*Task objective:* Among the lines below, take the one holding "就算遇到秃鹫在胡狼口中抢夺食物,也要保护自己的食物。", the one holding "- Converts from", and all lines between them. Set them down exactly.

*Record excerpts:*
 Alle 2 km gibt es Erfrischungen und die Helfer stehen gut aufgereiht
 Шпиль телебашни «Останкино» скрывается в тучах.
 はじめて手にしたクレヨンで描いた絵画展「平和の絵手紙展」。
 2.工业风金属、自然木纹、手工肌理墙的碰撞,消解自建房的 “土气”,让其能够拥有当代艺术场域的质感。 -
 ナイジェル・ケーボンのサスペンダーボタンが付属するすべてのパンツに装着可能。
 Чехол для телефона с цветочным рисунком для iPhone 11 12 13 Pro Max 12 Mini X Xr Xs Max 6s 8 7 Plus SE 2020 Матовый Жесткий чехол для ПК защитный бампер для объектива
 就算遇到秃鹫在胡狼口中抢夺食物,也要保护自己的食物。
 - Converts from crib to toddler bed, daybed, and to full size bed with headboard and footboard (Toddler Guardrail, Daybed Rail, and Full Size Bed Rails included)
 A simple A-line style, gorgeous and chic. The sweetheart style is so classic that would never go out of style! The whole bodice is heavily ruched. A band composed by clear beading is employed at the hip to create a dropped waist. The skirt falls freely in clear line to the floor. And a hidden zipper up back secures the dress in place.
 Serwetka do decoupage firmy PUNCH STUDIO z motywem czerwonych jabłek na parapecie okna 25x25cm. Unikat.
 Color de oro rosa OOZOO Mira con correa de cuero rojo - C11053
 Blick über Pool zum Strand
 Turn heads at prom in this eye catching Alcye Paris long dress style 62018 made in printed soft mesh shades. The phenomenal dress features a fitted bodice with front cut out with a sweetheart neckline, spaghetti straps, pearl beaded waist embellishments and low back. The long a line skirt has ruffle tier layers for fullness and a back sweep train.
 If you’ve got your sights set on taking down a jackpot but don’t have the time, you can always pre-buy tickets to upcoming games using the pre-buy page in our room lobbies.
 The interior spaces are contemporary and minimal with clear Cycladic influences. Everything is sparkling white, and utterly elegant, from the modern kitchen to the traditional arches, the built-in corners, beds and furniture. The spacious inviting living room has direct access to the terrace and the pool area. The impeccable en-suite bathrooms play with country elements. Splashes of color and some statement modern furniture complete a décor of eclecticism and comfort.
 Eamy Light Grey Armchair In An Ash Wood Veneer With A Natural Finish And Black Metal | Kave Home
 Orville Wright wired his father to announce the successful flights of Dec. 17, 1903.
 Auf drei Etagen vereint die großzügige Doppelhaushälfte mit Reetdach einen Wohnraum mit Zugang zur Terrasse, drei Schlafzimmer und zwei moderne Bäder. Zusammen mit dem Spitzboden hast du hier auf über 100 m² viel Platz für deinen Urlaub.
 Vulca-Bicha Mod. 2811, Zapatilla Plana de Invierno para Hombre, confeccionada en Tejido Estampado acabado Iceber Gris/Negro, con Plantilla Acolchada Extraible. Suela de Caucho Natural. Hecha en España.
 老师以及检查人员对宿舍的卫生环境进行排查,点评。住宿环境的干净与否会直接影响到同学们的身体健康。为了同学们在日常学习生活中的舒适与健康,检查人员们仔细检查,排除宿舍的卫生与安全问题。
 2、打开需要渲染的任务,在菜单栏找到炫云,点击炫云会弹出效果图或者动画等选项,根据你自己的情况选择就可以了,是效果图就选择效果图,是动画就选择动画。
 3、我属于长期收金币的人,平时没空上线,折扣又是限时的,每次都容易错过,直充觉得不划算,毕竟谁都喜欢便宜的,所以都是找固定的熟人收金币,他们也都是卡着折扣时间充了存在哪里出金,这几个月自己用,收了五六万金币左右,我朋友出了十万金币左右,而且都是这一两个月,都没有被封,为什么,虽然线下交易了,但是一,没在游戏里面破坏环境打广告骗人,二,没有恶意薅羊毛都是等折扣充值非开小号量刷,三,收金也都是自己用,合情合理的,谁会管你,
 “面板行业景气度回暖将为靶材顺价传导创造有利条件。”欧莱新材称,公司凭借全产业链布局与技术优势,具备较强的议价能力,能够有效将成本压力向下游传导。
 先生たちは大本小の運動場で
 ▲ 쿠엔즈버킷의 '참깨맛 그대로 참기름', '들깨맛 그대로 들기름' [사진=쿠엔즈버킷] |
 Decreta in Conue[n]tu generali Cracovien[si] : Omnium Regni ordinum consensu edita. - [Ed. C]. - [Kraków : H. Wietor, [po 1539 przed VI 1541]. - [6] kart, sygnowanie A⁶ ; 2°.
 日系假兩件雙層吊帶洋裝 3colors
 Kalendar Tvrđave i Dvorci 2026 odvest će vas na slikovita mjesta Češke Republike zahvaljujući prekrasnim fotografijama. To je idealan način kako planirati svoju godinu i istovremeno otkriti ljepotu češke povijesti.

*Solution to this task:*
 就算遇到秃鹫在胡狼口中抢夺食物,也要保护自己的食物。
 - Converts from crib to toddler bed, daybed, and to full size bed with headboard and footboard (Toddler Guardrail, Daybed Rail, and Full Size Bed Rails included)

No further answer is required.